Op 17 december 2024 heeft de kinderrechter van de Rechtbank Rotterdam een beschikking gegeven in de zaak van de gecertificeerde instelling Jeugdbescherming West, betreffende de verlenging van de ondertoezichtstelling en de machtiging tot uithuisplaatsing van de minderjarigen [voornaam minderjarige 1] en [voornaam minderjarige 2]. De kinderrechter heeft vastgesteld dat de ouders, [naam moeder] en [naam vader], belast zijn met het ouderlijk gezag over de kinderen, die momenteel bij hun grootmoeder moederszijde verblijven. De kinderrechter heeft eerder, op 9 april 2024, de ondertoezichtstelling verlengd tot 10 januari 2025 en op 31 oktober 2024 een machtiging verleend voor uithuisplaatsing tot dezelfde datum.

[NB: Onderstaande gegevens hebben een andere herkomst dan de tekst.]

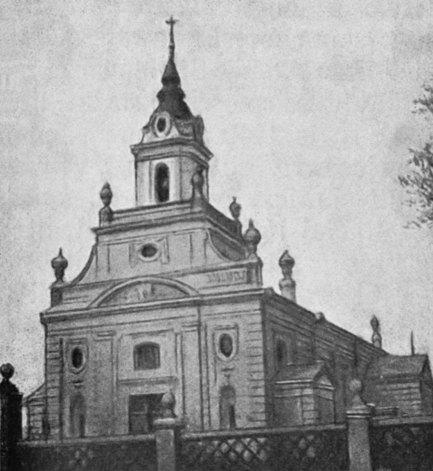 Catholic Church in Lipsk, Belarus

De gecertificeerde instelling heeft op 11 november 2024 een verzoek ingediend om de ondertoezichtstelling en de machtiging tot uithuisplaatsing met zes maanden te verlengen. Tijdens de zitting op 17 december 2024, die met gesloten deuren plaatsvond, waren de moeder en de grootmoeder telefonisch aanwezig, terwijl de vader niet verscheen. De kinderrechter heeft de zorgen over de kinderen, waaronder de verlatingsangst van [voornaam minderjarige 2], meegewogen in zijn oordeel.
De kinderrechter heeft geconcludeerd dat de verlenging van de ondertoezichtstelling en de machtiging tot uithuisplaatsing noodzakelijk is voor de verzorging en opvoeding van de kinderen. De beslissing is uitvoerbaar bij voorraad verklaard, wat betekent dat deze direct geldt, ook als er hoger beroep wordt ingesteld. De ondertoezichtstelling en de machtiging tot uithuisplaatsing zijn verlengd tot 10 juli 2025.